When BHP Group announced the spin-off of South32 in 2015, for many months there was debate about how much thermal coal BHP could offload in one go. Clearly investors in South32 argued for the spin-off to not be a coal dumping ground and won the argument. South32 was left with a strong balance sheet and a South African thermal coal division, plus the more attractive Illawarra NSW coal mining assets (a combination of thermal and coking coal mines). BHP was left with Mt Arthur and a one third ownership of Cerrejón.

With the national disaster of Eskom key to the South African economy being dragged into a decade of stagnation and financial distress, thermal coal mining in South Africa has been an international investors’ nightmare, like Mozambique was for Rio Tinto. A total wealth hazard.

In 2017 South32 announced it would seek an orderly exit of its 21-23Mtpa South African thermal coal mining division (half export, half sold domestically to Eskom).

In November 2019 South32 announced it had reached conditional agreement for the sale of its South African Energy Coal (SAEC) division to Seriti Resources (and a Broad-based Black Economic Empowerment consortium), having taken a USD 504 million impairment.

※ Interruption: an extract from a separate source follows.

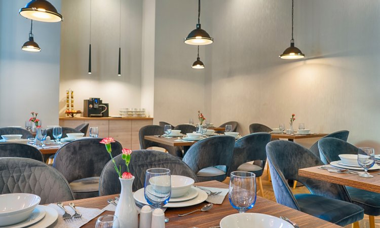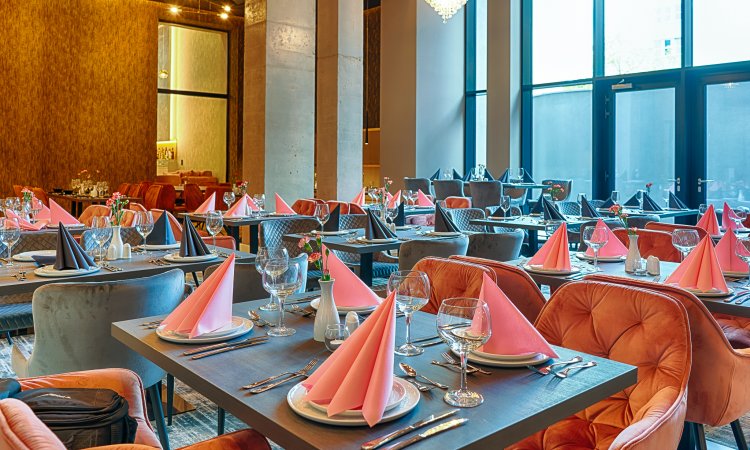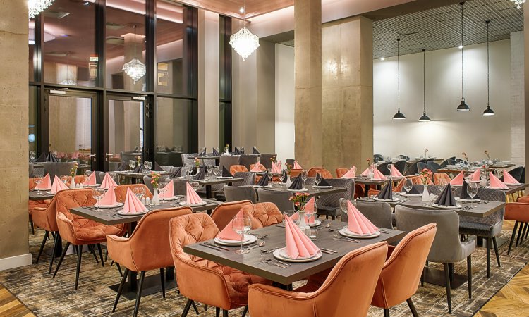 Drewniane podłogi, stonowane kolory i zaskakujący, bogato zdobiony różowy sufit z kryształowymi żyrandolami to pierwsze rzeczy, które rzucają się w oczy gdy wchodzimy do restauracji w Grand Focus Hotel Szczecin. To miejsce mimo swej elegancji sprawia bardzo przytulne wrażenie – zapewne jest to efekt miękkich obić restauracyjnych foteli i zastosowanych tu materiałów wykończeniowych. Patrząc na stylowe wnętrza restauracji, która składa się z trzech niezależnie zaprojektowanych części aż ma się ochotę usiąść przy jednym ze stolików i zamówić kilka pozycji z restauracyjnego menu.

The binding sale was announced, netting South32 AUD 9.8 million.  To put this AUD 9.8 million in context, South32 committed 8,700 million Rand in capex over 2018-2020. South32 was reported to have also received 49% of the free cash flow generated by SAEC to March 2024 with any payments capped at a maximum of 1.5 billion Rand per year. With coal prices down 25% in 2020 and the business shut during the COVID-19 lockdown, free cashflow is likely to be minimal.